My eyes bugged out of my head like a cartoon when I saw this tweet:
.@RapSheet on Justin Fields' chances to start for #Bears in season opener: '5%, less' https://t.co/tayskQWOhI via @ParkinsSpiegel Show pic.twitter.com/vA7N7we22Y
— 670 The Score (@670TheScore) May 18, 2021
But it was a different part of the conversation between Danny Parkins, Matt Spiegel, and NFL Network insider Ian Rapoport that caught my ear. Because when Parkins asked Rapoport how he knows the Bears’ preference is to start Andy Dalton in Week 1, he had this to say:
“This was something I talked to Matt Nagy about after the draft. This is the goal. Best-case scenario, he doesn’t play,” Rapoport said of Justin Fields. “If the Bears don’t play Justin Fields, it means they’re in a position where they’re winning enough games where they don’t have to do that.”
I’m not sure how that stands up when some early projections forecast the Bears having a better shot at the postseason with Fields at the helm. Nevertheless, Rapoport’s statement had me circling back to Nagy saying this, when asked about what he’ll see when it’s time to start Fields (emphasis mine):
“I would say it’s more of what’s happening on the field. There’s a lot of players who can get it right in the classroom, and then the second you get down on the field and things are down there on field level, it changes. Plays gotta be made. We’ve got to be able to see the execution from all three of these quarterbacks on the field.”
There are two things that stand out to me. Firstly, it’s Rapoport saying he talked to Nagy about this after the draft. We get so much hearsay, rumor, and conjecture from insiders, pundits and analysts that there are moments when we get numb to it. So to hear Rapoport relaying something directly from a coach — especially Nagy — feels rare. Frankly, it is as close as it gets to getting it straight from the horse’s mouth. I’ll take it.
And then there is the sentence in bold connects to what Rapoport said in the first block quote. If Nagy isn’t seeing execution on the field from his veteran quarterbacks, he seems willing to turn to the rookie. Maybe his preference is to play the veteran first. But every plan needs a fall-back option. Because starting Dalton and watching him flounder, while still a plan, isn’t one that figures to create a good environment.
Certainly, not one desired by a team that has qualified for the postseason two of the last three years.
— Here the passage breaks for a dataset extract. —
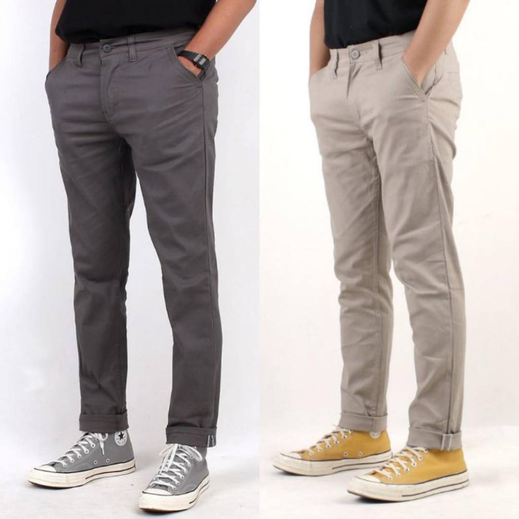 PAKET100RIBUAN 2PCS CELANA PANJANG SLIMFIT CHINOS PREMIUM BAHAN KATUN TWILL ELASTIS MELAR
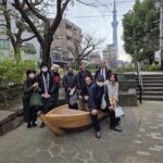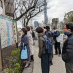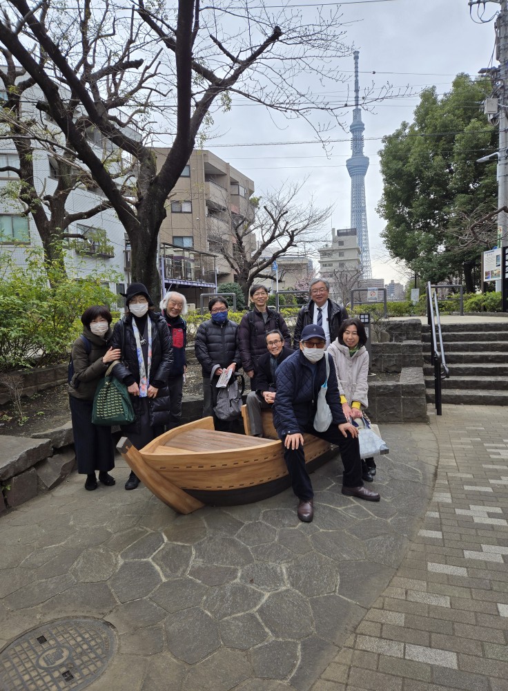 4リバーサイドスポーツセンターで1回目の下車。最初の見学地、待乳山聖天は ちょっと小高い森の中にありミニゴンドラに乗って行きました。お願い事をすませて階段を下りバス通りに出て 江戸時代は猪牙舟で吉原に通う水路を埋め立てた山谷堀公園では スカイツリーをバックに写真を撮ったり、案内図を読んだり、スマホのナビを頼りにして、蔦重の菩提寺の正法寺(大きなビルの中)や 招き猫が縁結びを叶える今戸神社を探し 先ほど下車したバス停4に戻りました。

Consider that Nagy didn’t hesitate to pull Mitchell Trubisky when he was struggling to move the ball against an awful Falcons pass defense in Week 3. And once Trubisky was healthy, Nagy yanked Nick Foles from the starting lineup (and kept him out even after Foles was healthy).
But as Rapoport suggests, there is a “very, very, very small chance” Fields starts Week 1. Is that also coming from Nagy? This is why highlighting this and using it as a springboard for our own conversations is important. The odds of Fields starting seem minuscule at this point. So much so, Rapoport puts the “5 percent, less” number on it. But, again, it’s only May. A great many things can change between now and the 116 days that pass before the first Sunday of the NFL season kicks off. So let’s allow it to play out before jumping to conclusions.